The dangers of growing proton pump inhibitor misuse

Research published in BMC Medicine, a position paper addressing benefits and potential harms of acid suppression gives clear indications for appropriate proton pump inhibitor (PPI) use in clinical practice. Here, Professor Carmelo Scarpignato, lead author of the paper, discusses the guideline and gives a taste of future directions.

The introduction of proton pump inhibitors (PPIs) into clinical practice has revolutionized the management of acid-related diseases. Pharmacological acid suppression has been so successful in healing peptic ulcers and managing patients with gastro-esophageal reflux disease that elective surgery for ulcer disease has been virtually abolished and anti-reflux operations are today performed only in selected patients.

Along the same lines, the incidence of non-steroidal anti-inflammatory drug (NSAID) associated gastropathy has largely been reduced, despite the increased use of these medications in the aging population.

Patients admitted to hospital frequently are started on PPIs, often inappropriately.

Studies in primary care and emergency settings suggest that PPIs are frequently prescribed for inappropriate indications or for indications where their use offers little benefit. Patients admitted to hospital frequently are started on PPIs, often inappropriately, and these medications are continued, following discharge, by primary care physicians.

The introduction of generic PPIs into the market has been followed by an increasing rate of PPI prescribing related to chronic treatments, unlicensed indications and therapeutic substitutions.
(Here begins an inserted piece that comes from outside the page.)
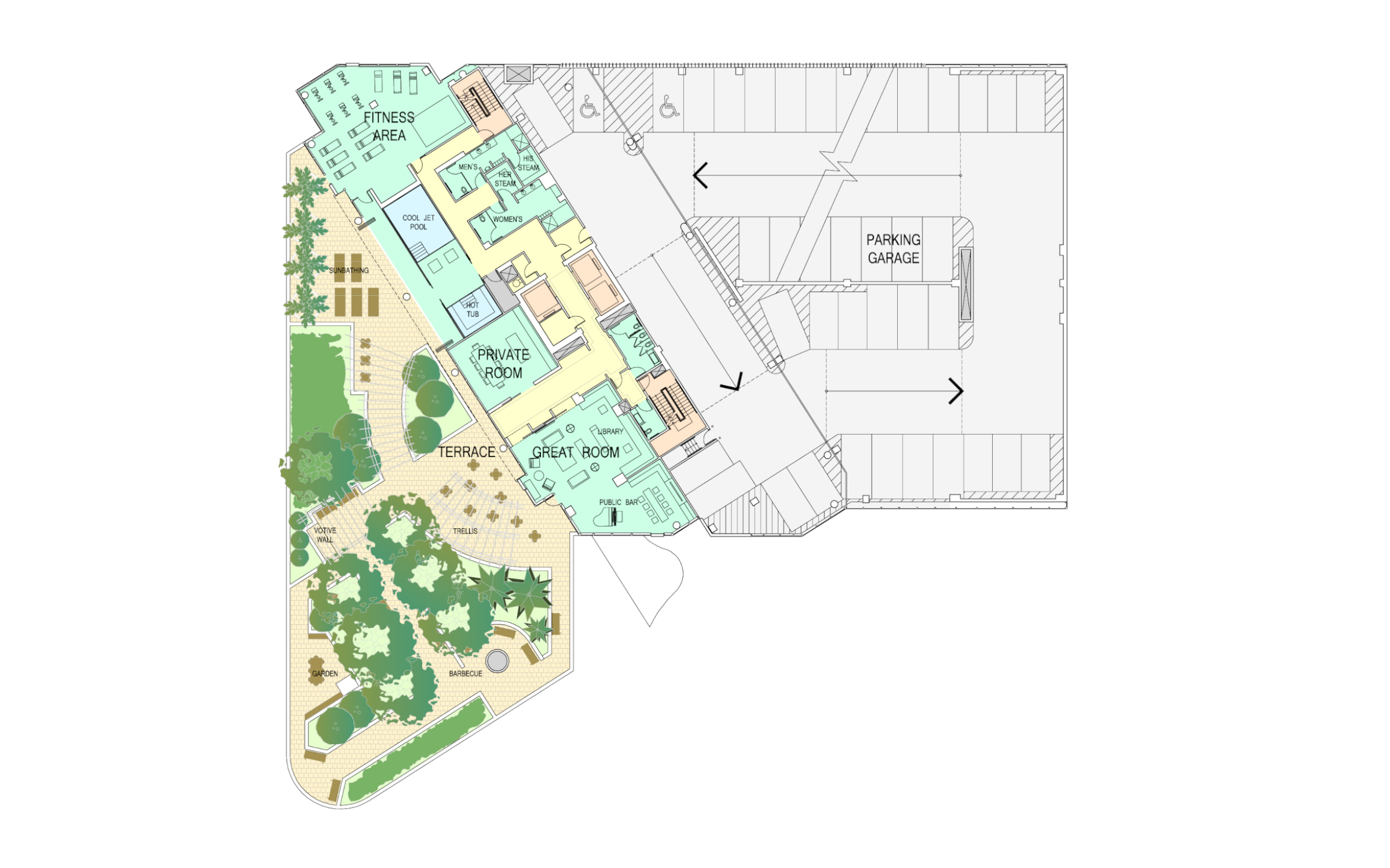 Phase One was originally to be the condominium building with 156 units and 225 parking spaces. The Phase One tower aligned with an adjacent diagonal boulevard to maximize views to Logan Square and to the skyline of Philadelphia. The roof of a one story retail wing was developed as an elaborate garden outside a full floor of amenities including a spa, finess center, chef’s kitchen, dining room, wine tasting room and club.

Furthermore, since PPIs are now available over-the-counter, patients can have free access to them and for long periods of time, without seeking medical attention.
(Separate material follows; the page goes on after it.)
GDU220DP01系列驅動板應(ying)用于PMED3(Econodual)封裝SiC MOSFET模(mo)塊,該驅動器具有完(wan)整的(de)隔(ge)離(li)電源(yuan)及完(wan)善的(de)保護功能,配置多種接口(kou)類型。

Inappropriate PPI use is a matter of great concern, especially in the elderly, who are often affected by multiple comorbidities, are taking multiple medications, and hence are at an increased risk of long-term PPI-related adverse outcomes and drug-to-drug interactions (DDIs).

Together with inappropriate use, underuse is also of concern. For instance, despite all guidelines support the use of gastroprotection with PPIs in at-risk patients treated with NSAIDs, low prescription rates of gastro-protective medications have been reported.
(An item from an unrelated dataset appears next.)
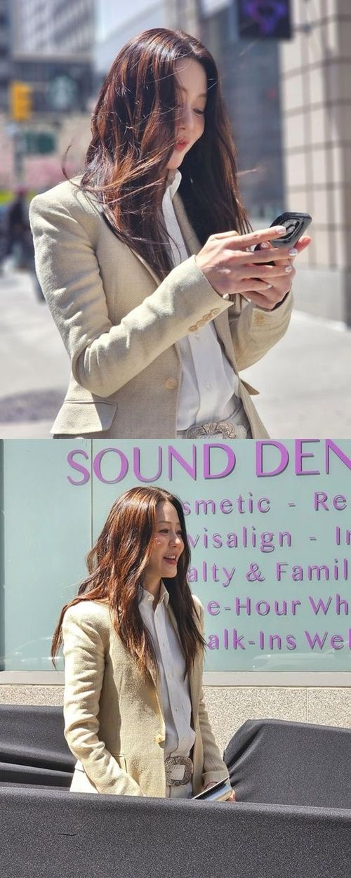 とりわけ目を引くのは、コ・ヒョンジョンの美しさである。穏やかな日差しの下、横顔が光を受けて輝き、ナチュラルながらも女性らしい魅力を引き立てるメイクと、気取らない中にもセンスが光るファッションが印象的だ。

The availability of OTC PPIs provides consumers with options other than antacids and H2-receptor antagonists (H2RAs) for self-medication of acid-related symptoms. Prospective clinical trials have shown the efficacy of these drugs, taken on demand or intermittently on GERD management, with potential for cost reduction.

Although guidelines for OTC use suggest a short course (2 week treatment) of PPIs in patients with typical complaints (acid and/or regurgitation), and without alarm symptoms, great potential for misuse and/or overuse does exist.

Major concerns include management of patients in whom symptom persist despite acid suppression, appropriate administration and the potential masking for more serious pathology, like malignancy. Therefore, guidelines and position statements are not just for specialists and GPs but should be extended to clinical and community pharmacists and patients alike.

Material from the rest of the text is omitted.